• _Assigned task_
With the pictures left out, transcribe exactly the lines from the one with "Another cute aventurine" through the end of the data.

[Records from a collection]
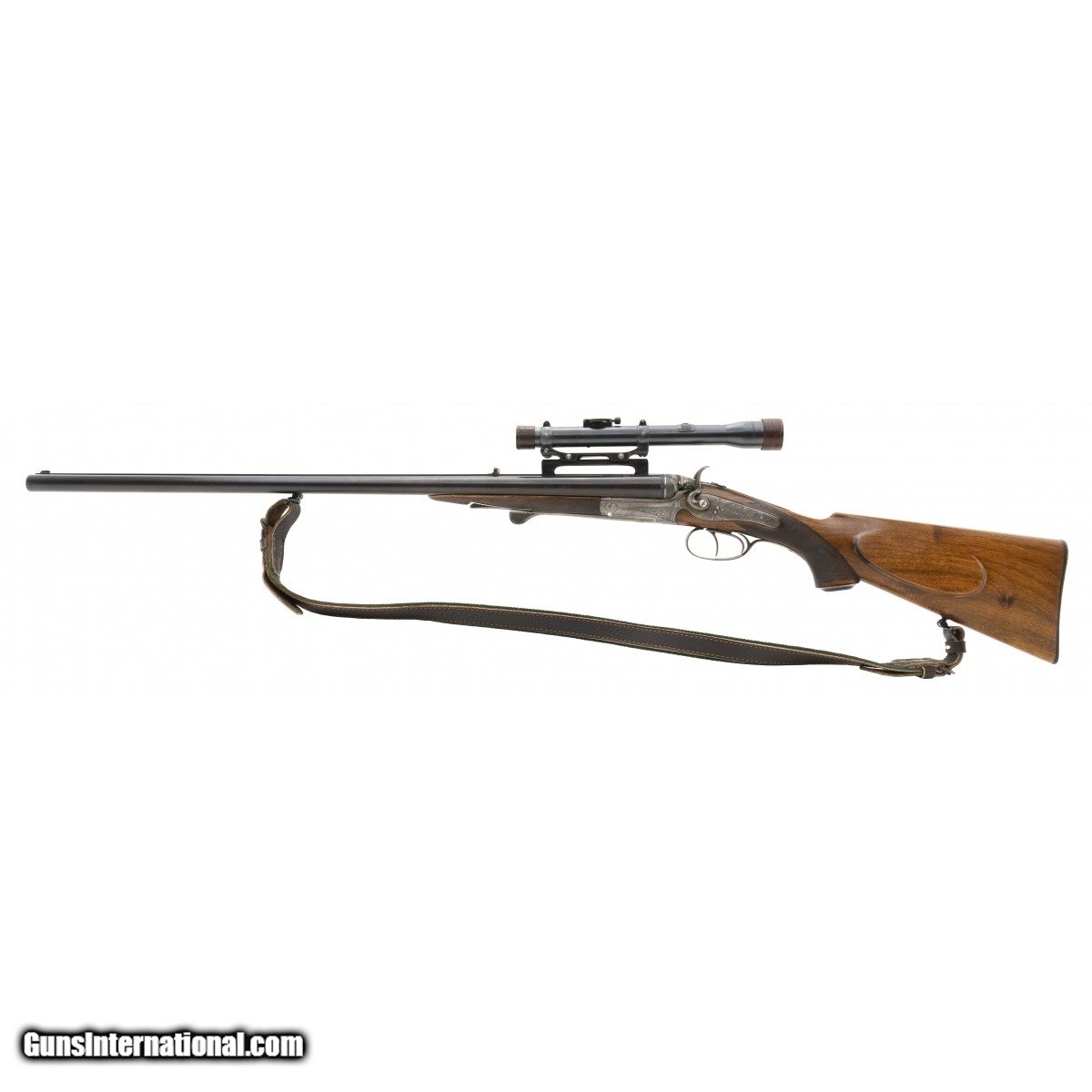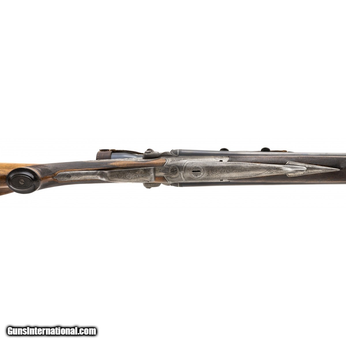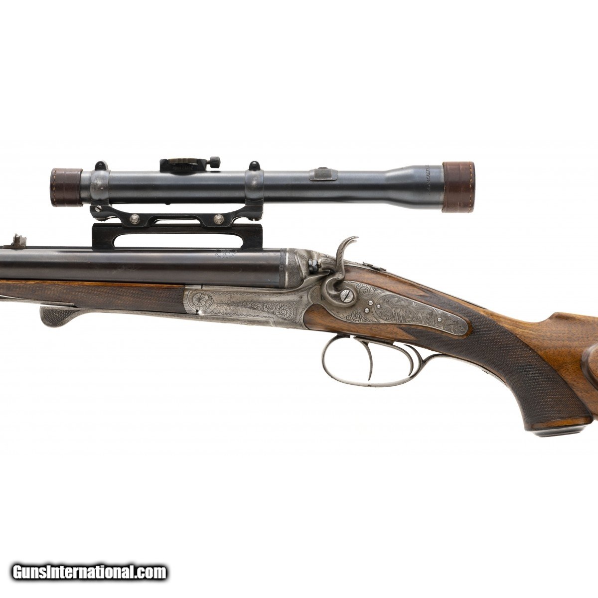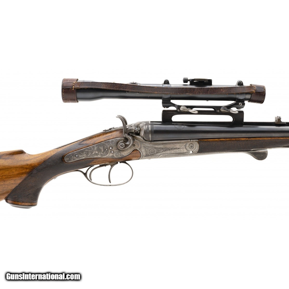 Description: " SN: 779. Unmarked German guild made side-by-side combination gun. Has a backlock action with underlever. The locks are game scene engraved. Bores are excellent. The wood is very good. Has a German ""Jack"" scope mounted on quick release base. A classic German sporting gun. SOLD |
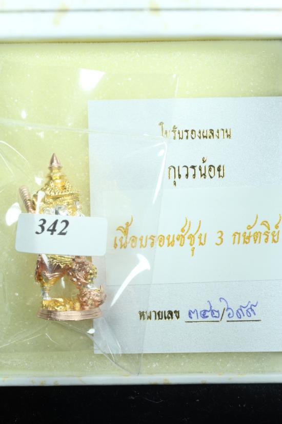 ** นิยมโคตรสวย เลขสวยเบอร์ 342 ศิลป์สวยๆ พุทธคุณแน่นๆ พิธีใหญ่ ราคาจองมา 999 **กุเวรน้อย รุ่น ชนะมารบันดาลทรัพย์ (ลอยองค์) ข้าจะปราบหมู่มาร และจะบันดาลทรัพย์ให้พวกเอ็ง เนื้อ บรอนซ์ ชุบ 3 กษัตริย์
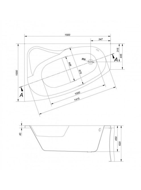 Cersanit Sicilia 150x100 balos aszimmetrikus akril kád S301-
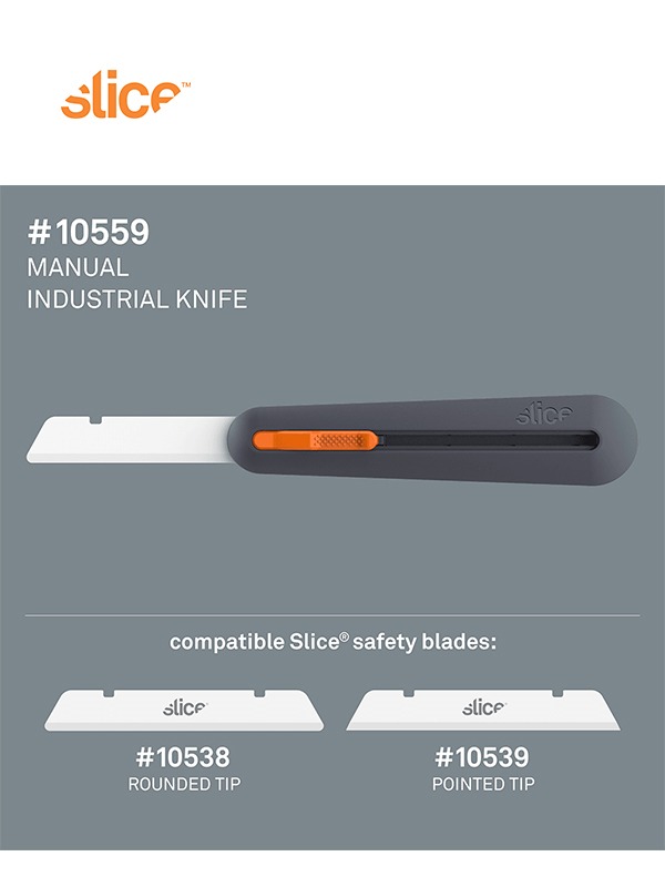 The SliceĀ® 10559 Manual Industrial Knife extends 3 inches (76 mm) for cutting thick materials like foam, extremely thick corrugate, batting, and insulation. This durable, five-position handle offers four cutting depths for a variety of jobs around the production floor or workshop. Blade stops offer the following cutting depths: 6 mm, 28 mm, 53 mm, and 76 mm. The tool features a Slice finger-friendlyĀ® blade that cuts effectively but is much safer to touch than standard metal or ceramic blades. Our no-tool blade change system also allows you to switch the blade orientation for left-handed users. Slice safety blades are chemically inert, non-sparking, oil free, and never rust. They last up to 11 times longer than comparable steel blades.
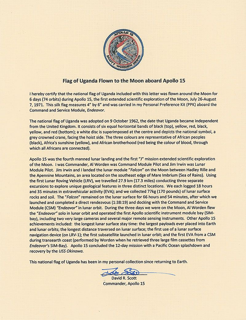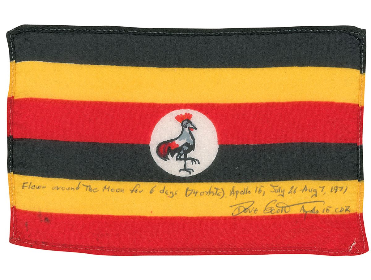 Flown Ugandan flag, 6 x 4, flown to lunar orbit aboard Apollo 15, signed in blue ink on a yellow panel, “Flown around the Moon for 6 days (74 orbits), Apollo 15, July 26–Aug 7, ’71, Dave Scott, Apollo 15 CDR.” Accompanied by a letter of authenticity from Scott which reads, in part: “I hereby certify that the national flag of Uganda included with this letter was flown around the moon for 6 days (74 orbits) during Apollo 15…July 26-August 7, 1971…and was carried in my Personal Preference Kit (PPK) aboard the Command and Service Module, Endeavor…This national flag of Uganda has been in my personal collection since returning to Earth.” In fine condition.
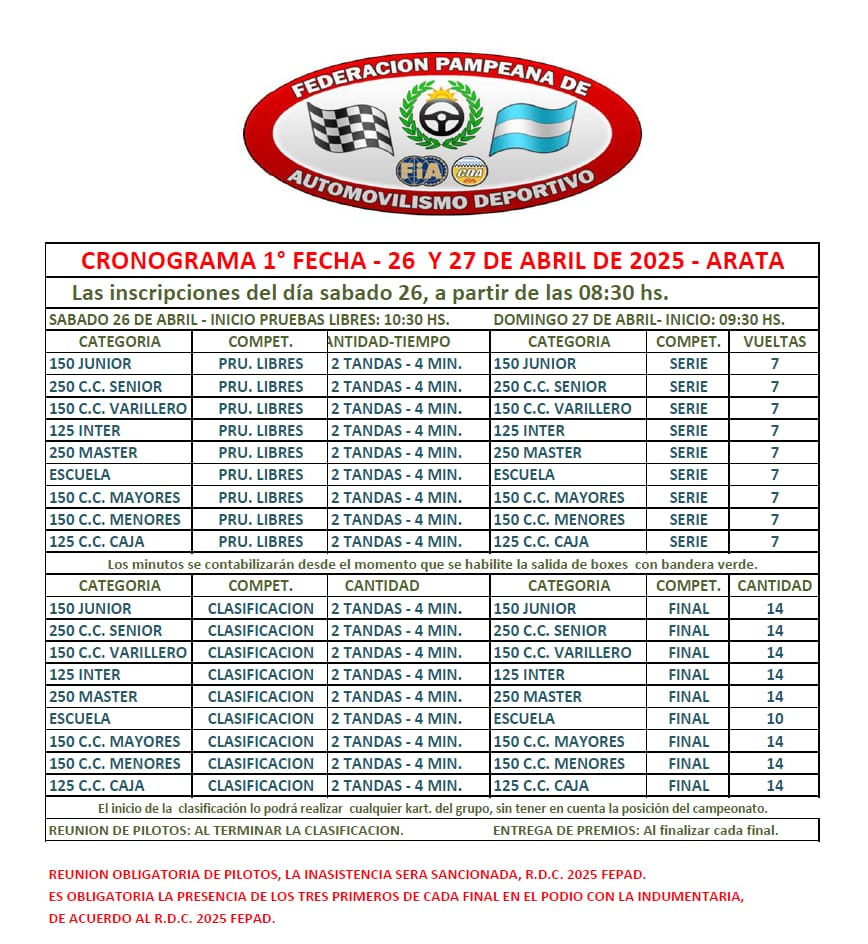 La FEPAD dio a conocer el cronograma oficial para 1ra fecha en ARATA.
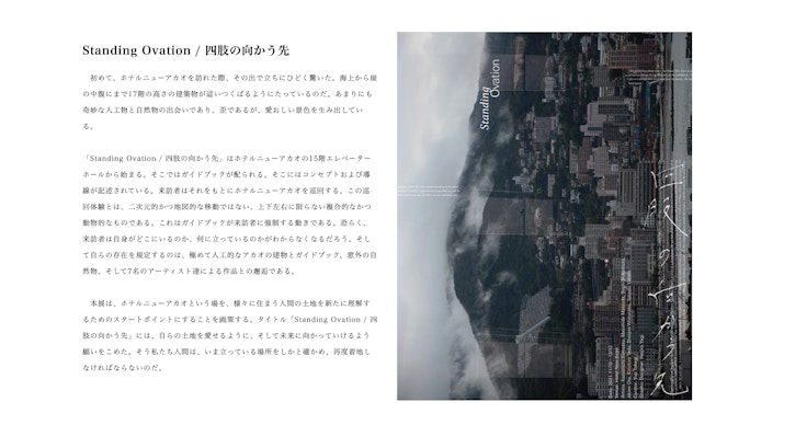 ──今日は静岡県熱海市にあるACAO SPA & RESORTとその周辺エリアを舞台に、2020年の11月から12月にかけて開催された展覧会「ATAMI ART GRANT」における展示内展示「四肢の向かう先 | Standing Ovation」を振り返るべく、同展覧会のキュレーターである髙木遊さんと出展作家の皆さんにお集まりいただきました。
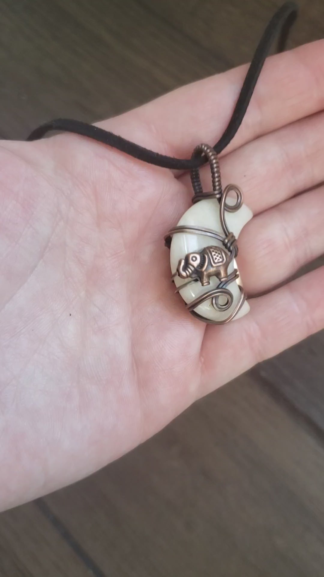 Another cute aventurine stone that is a bit more opaque white. Its wrapped beautifully with oxidized copper. I added a copper elephant bead because the stone reminded me of the white on their tusks.
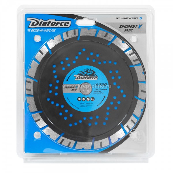 Купить Диск алмазный по армированному бетону, мрамору DIAFORCE Segment-V Basic сухой рез в Екатеринбурге и Свердловской области можно в сети магазинов КРЕПЕЖ-СИТИ.

• _Response area_
 Another cute aventurine stone that is a bit more opaque white. Its wrapped beautifully with oxidized copper. I added a copper elephant bead because the stone reminded me of the white on their tusks.
 Купить Диск алмазный по армированному бетону, мрамору DIAFORCE Segment-V Basic сухой рез в Екатеринбурге и Свердловской области можно в сети магазинов КРЕПЕЖ-СИТИ.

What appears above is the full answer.